• About this exercise:
Below are entries. Give back exactly the lines from the one containing "RhB Ge 4 / 4" through the one containing "아울러 이유비의 개인방은", inclusive, without the pictures.

─── Data to process ───

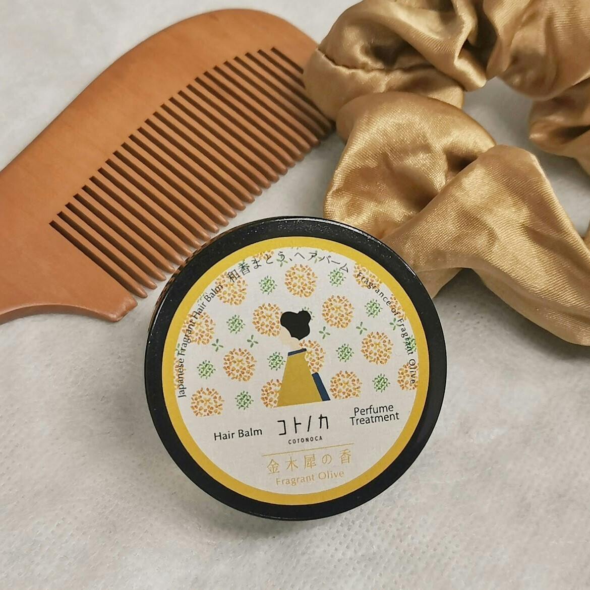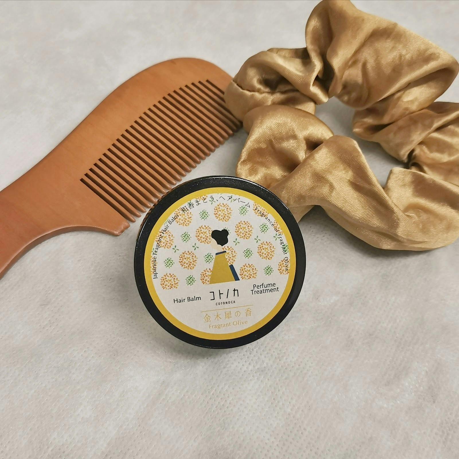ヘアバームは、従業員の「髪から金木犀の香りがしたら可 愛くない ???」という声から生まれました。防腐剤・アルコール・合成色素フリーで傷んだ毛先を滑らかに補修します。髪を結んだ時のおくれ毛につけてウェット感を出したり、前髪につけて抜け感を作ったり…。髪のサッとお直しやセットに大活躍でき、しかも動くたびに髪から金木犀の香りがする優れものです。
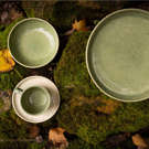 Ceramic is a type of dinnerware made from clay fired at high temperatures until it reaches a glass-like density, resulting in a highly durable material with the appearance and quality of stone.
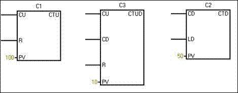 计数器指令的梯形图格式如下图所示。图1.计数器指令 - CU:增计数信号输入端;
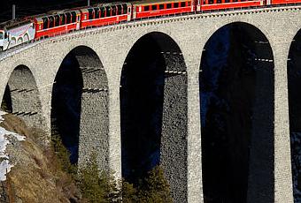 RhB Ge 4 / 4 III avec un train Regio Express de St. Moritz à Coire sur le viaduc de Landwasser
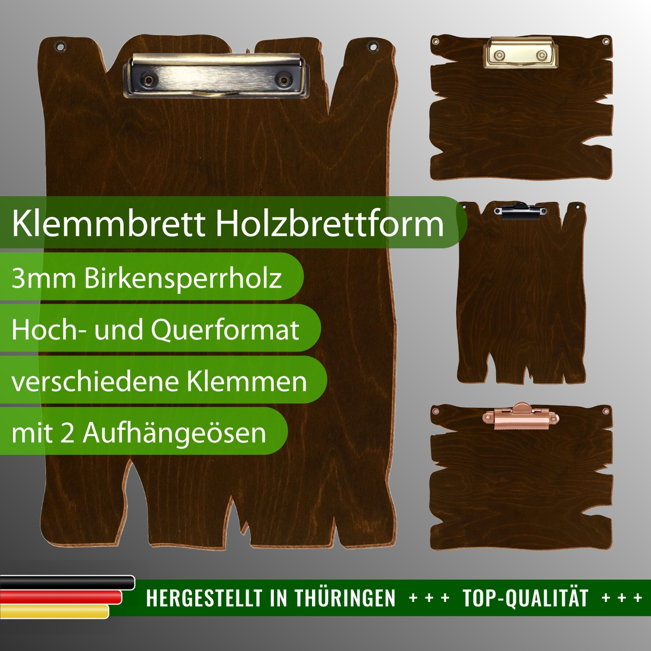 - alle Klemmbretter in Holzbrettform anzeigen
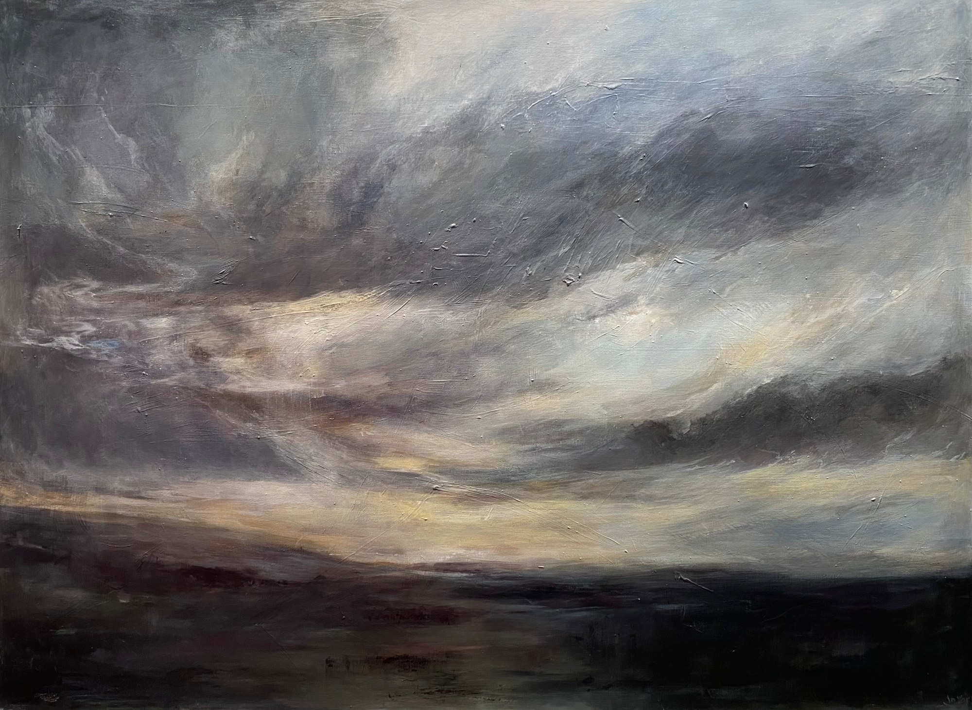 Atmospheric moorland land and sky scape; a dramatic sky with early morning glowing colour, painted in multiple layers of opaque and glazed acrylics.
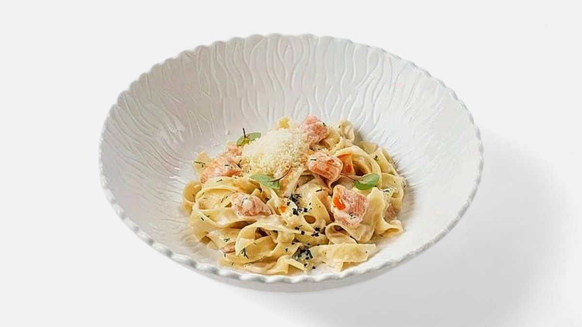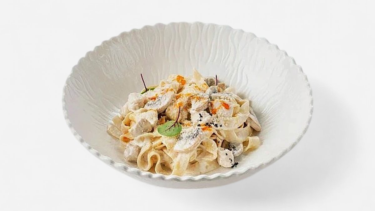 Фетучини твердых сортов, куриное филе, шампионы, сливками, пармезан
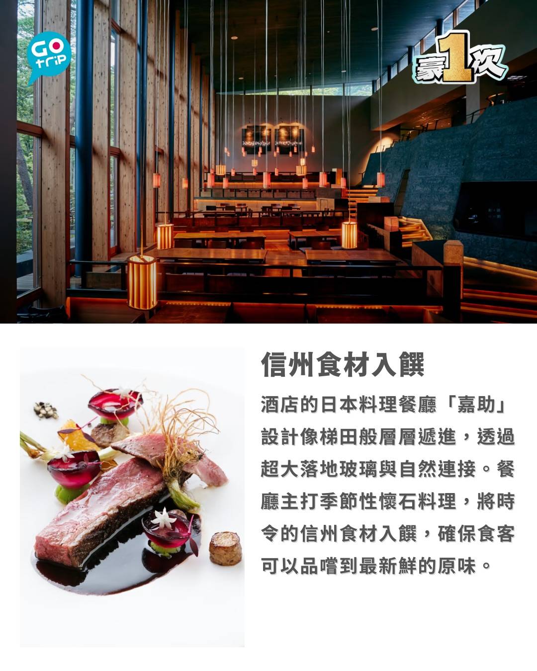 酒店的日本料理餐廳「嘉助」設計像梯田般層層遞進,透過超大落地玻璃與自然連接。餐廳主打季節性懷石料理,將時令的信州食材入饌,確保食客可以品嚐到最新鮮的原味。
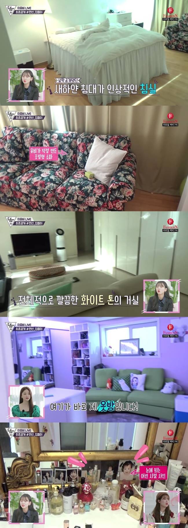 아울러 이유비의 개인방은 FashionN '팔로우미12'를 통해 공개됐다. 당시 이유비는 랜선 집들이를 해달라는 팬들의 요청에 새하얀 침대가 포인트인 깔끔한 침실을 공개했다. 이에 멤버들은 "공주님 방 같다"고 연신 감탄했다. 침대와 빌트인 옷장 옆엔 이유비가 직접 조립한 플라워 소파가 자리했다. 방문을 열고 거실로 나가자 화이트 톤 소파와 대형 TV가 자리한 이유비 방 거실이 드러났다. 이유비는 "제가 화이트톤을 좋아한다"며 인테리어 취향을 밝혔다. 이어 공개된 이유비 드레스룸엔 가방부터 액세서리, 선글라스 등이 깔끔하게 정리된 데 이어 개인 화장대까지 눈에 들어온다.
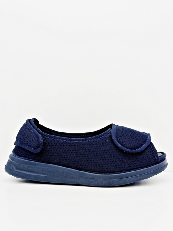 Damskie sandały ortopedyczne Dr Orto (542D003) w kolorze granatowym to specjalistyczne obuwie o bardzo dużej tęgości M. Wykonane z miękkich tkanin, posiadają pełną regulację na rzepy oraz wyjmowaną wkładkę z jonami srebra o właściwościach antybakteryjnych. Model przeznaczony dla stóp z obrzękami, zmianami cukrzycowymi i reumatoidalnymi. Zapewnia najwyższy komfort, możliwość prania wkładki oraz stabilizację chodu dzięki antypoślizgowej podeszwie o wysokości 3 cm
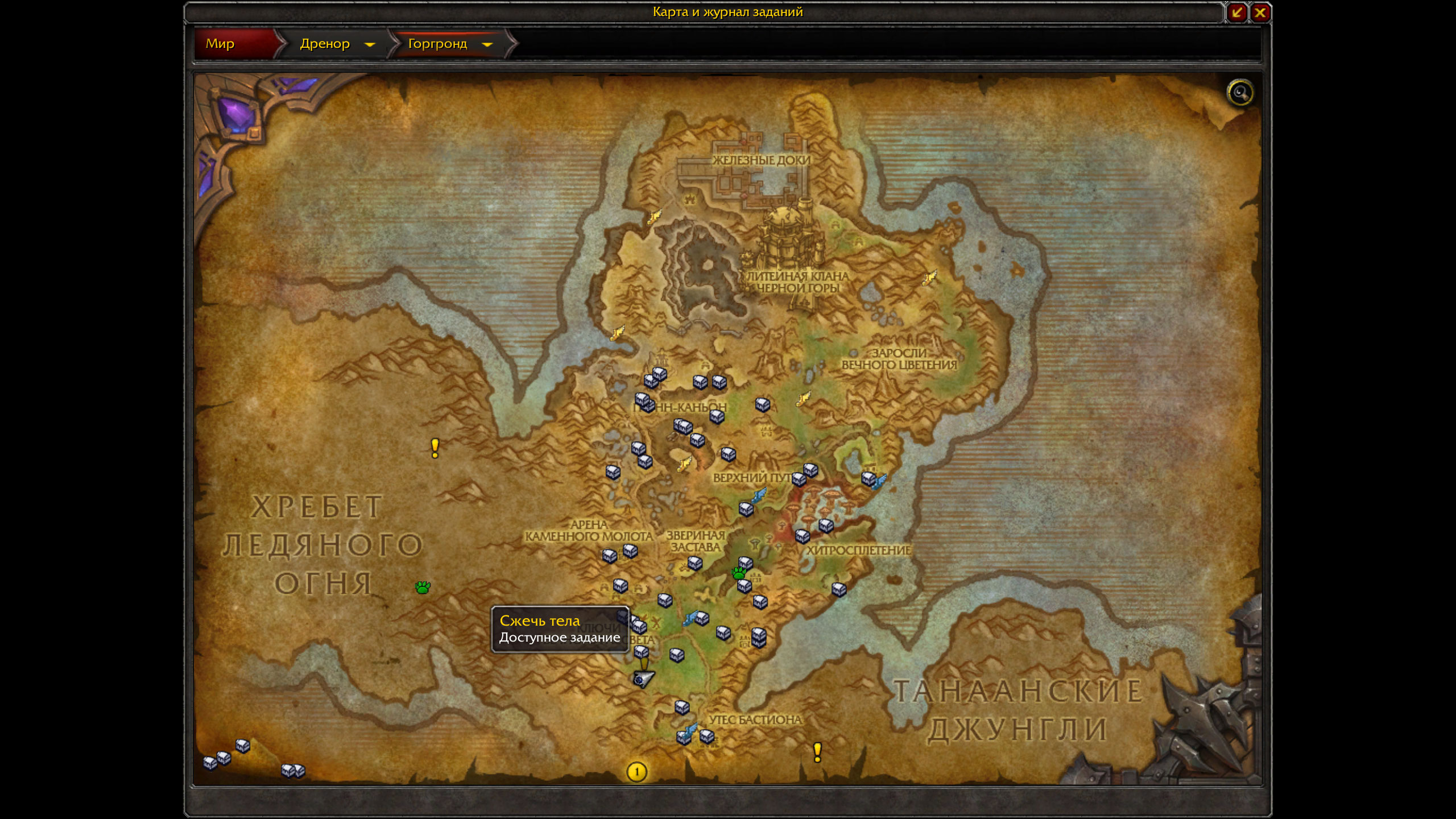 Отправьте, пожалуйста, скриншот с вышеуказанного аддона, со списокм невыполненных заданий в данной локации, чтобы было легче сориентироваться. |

───

• Answer box:
 RhB Ge 4 / 4 III avec un train Regio Express de St. Moritz à Coire sur le viaduc de Landwasser
 - alle Klemmbretter in Holzbrettform anzeigen
 Atmospheric moorland land and sky scape; a dramatic sky with early morning glowing colour, painted in multiple layers of opaque and glazed acrylics.
 Фетучини твердых сортов, куриное филе, шампионы, сливками, пармезан
 酒店的日本料理餐廳「嘉助」設計像梯田般層層遞進,透過超大落地玻璃與自然連接。餐廳主打季節性懷石料理,將時令的信州食材入饌,確保食客可以品嚐到最新鮮的原味。
 아울러 이유비의 개인방은 FashionN '팔로우미12'를 통해 공개됐다. 당시 이유비는 랜선 집들이를 해달라는 팬들의 요청에 새하얀 침대가 포인트인 깔끔한 침실을 공개했다. 이에 멤버들은 "공주님 방 같다"고 연신 감탄했다. 침대와 빌트인 옷장 옆엔 이유비가 직접 조립한 플라워 소파가 자리했다. 방문을 열고 거실로 나가자 화이트 톤 소파와 대형 TV가 자리한 이유비 방 거실이 드러났다. 이유비는 "제가 화이트톤을 좋아한다"며 인테리어 취향을 밝혔다. 이어 공개된 이유비 드레스룸엔 가방부터 액세서리, 선글라스 등이 깔끔하게 정리된 데 이어 개인 화장대까지 눈에 들어온다.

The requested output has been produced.